Sebuah protes terhadap rekrutmen para ultra-Ortodoks ke dalam militer Israel di Jerusalem pada bulan April. Kredit: Ohad Zwigenberg/Associated Press
Mahkamah Agung Israel pada hari Selasa memutuskan bahwa militer harus mulai memasukkan pria ultra-Ortodoks Yahudi ke dalam layanan wajib militer, keputusan yang mengancam untuk memecah belah pemerintahan koalisi Perdana Menteri Benjamin Netanyahu di tengah perang di Gaza.
Dalam keputusan yang bulat, sembilan hakim menyatakan bahwa tidak ada dasar hukum untuk pengecualian militer yang berlangsung lama diberikan kepada banyak mahasiswa agama ultra-Ortodoks. Mengingat tidak adanya hukum yang membedakan antara seminaris dan pria lain yang berusia layanan, pengadilan menentukan bahwa undang-undang wajib militer negara juga harus diterapkan pada minoritas ultra-Ortodoks.
Di negara di mana pelayanan militer wajib bagi sebagian besar pria dan wanita Yahudi, pengecualian bagi ultra-Ortodoks telah lama menjadi sumber perselisihan bagi warga Israel sekuler. Namun kemarahan atas perlakuan istimewa kelompok ini telah bertambah seiring perang di Gaza yang telah berlangsung selama sembilan bulan, memerlukan puluhan ribu prajurit cadangan untuk melaksanakan beberapa tur dan mengorbankan nyawa ratusan prajurit.

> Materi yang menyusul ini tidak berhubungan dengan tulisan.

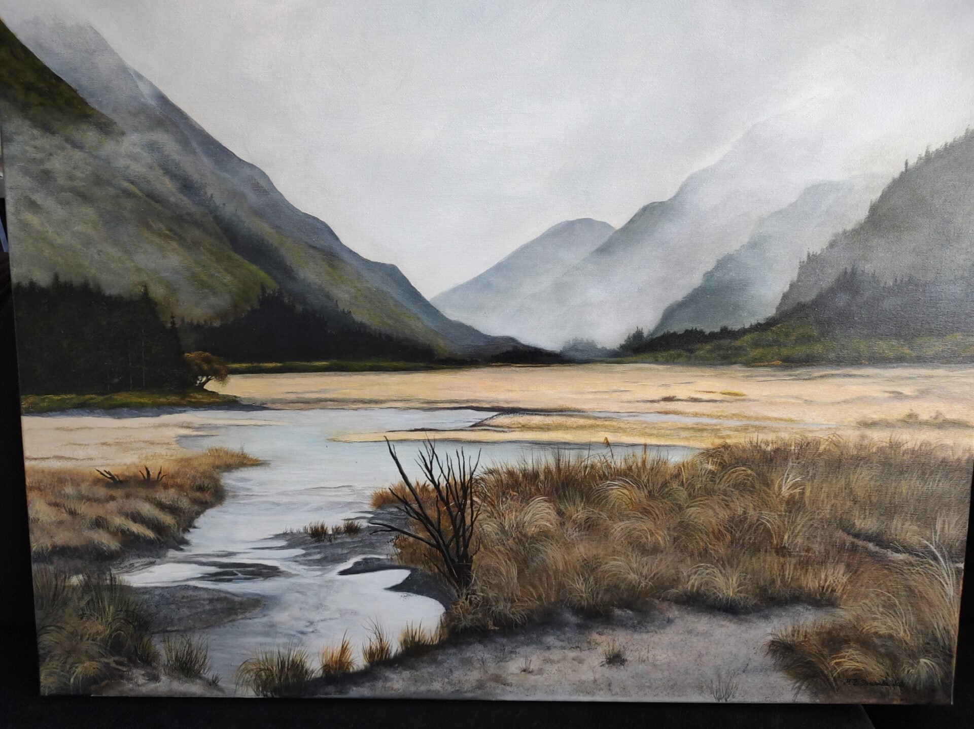 Obraz mojego autorstwa namalowany profesjonalnymi farbami akrylowymi na podobraziu malarskim pokrytym grubym włoskim płótnem naciągniętym na krosno. Wymiary 70 x 90 cm. Pokryty werniksem z połyskiem, sygnowany na awersie i rewersie. Boki obrazu zamalowane zgodnie z kolorystyką całości.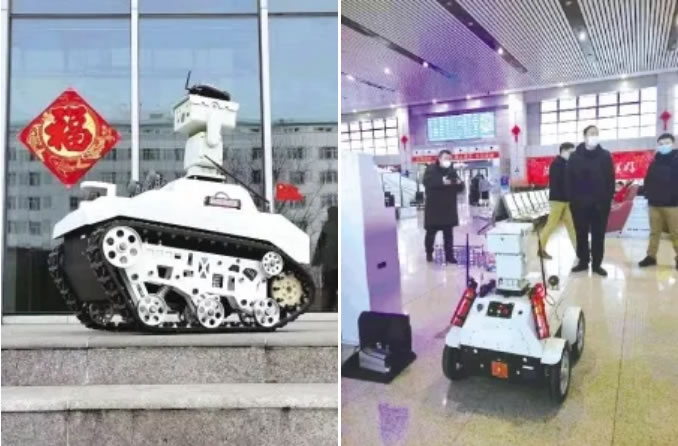 該機型利用360度無死角、5G通訊、相控陣雷達、大數據分析和深度學習等智能算法,實現大范圍內的人員遠紅外溫度探測和巡檢提醒預警,可用于機場、學校、廠區、醫院等人口聚集和流動大的場所,探測密集人群個體溫度、識別是否佩戴口罩、自動噴灑消毒劑、智能疏散,并協助進行疫情進展通報、防控宣傳和突發狀況處置等工作,在有效節約人力、提G工作效率的同時,降低檢測人員的接觸感染風險。

“Pada hari-hari ini, di tengah perang yang sulit, beban ketidaksetaraan itu lebih terasa daripada sebelumnya — dan memerlukan kemajuan solusi yang berkelanjutan terhadap masalah ini,” tulis hakim Mahkamah Agung dalam keputusannya.
Keputusan pengadilan ini mempertemukan antara Yahudi sekuler dengan ultra-Ortodoks, yang mengatakan bahwa studi mereka tentang Kitab Suci sama pentingnya dengan militer dalam mempertahankan Israel. Hal ini juga mengungkapkan perpecahan di koalisi Mr. Netanyahu, yang bergantung pada dukungan dua partai ultra-Ortodoks di tengah perang terdahsyat negara itu dalam beberapa dekade terakhir.
Mr. Netanyahu telah meminta legislasi yang pada umumnya akan mempertahankan pengecualian untuk para mahasiswa agama. Tetapi jika ia melanjutkan dengan rencana tersebut, anggota lain dari pemerintahnya mungkin akan membelot seiring meningkatnya kemarahan publik atas strategi pemerintah dalam perang di Gaza.
Yahudi ultra-Ortodoks telah dikecualikan dari pelayanan militer sejak berdirinya Israel pada tahun 1948, ketika kepemimpinan negara tersebut menjanjikan kepada mereka otonomi sebagai imbalan atas dukungan mereka dalam menciptakan negara yang sebagian besar sekuler. Selain dikecualikan dari wajib militer, ultra-Ortodoks, yang dikenal dalam bahasa Ibrani sebagai Haredim, diizinkan untuk menjalankan sistem pendidikan mereka sendiri.
Mahkamah Agung juga menyasar sistem tersebut dalam putusannya, menyatakan bahwa pemerintah tidak boleh lagi mentransfer subsidi ke sekolah agama, atau yeshiva, yang mendaftarkan siswa berusia wajib militer yang pengecualiannya tidak lagi legal.
Keputusan ini langsung menimbulkan kemarahan di kalangan politisi ultra-Ortodoks, yang bersumpah untuk melawannya.
“Negara Israel didirikan untuk menjadi rumah bagi bangsa Yahudi, bagi siapa Taurat adalah landasan eksistensi mereka. Taurat Suci akan menang,” kata Yitzhak Goldknopf, seorang menteri ultra-Ortodoks, dalam sebuah pernyataan pada hari Senin.
Sekitar 1.000 pria Haredi saat ini melayani secara sukarela di militer — kurang dari 1 persen dari keseluruhan prajurit — namun serangan yang dipimpin Hamas pada 7 Oktober telah tampaknya memicu rasa takdir bersama dengan warga Israel umum di antara beberapa segmen masyarakat Haredi. Lebih dari 2.000 Haredi mencoba bergabung dengan militer dalam 10 minggu pertama perang, menurut statistik militer.
Gabby Sobelman dan Myra Noveck berkontribusi dalam pelaporan.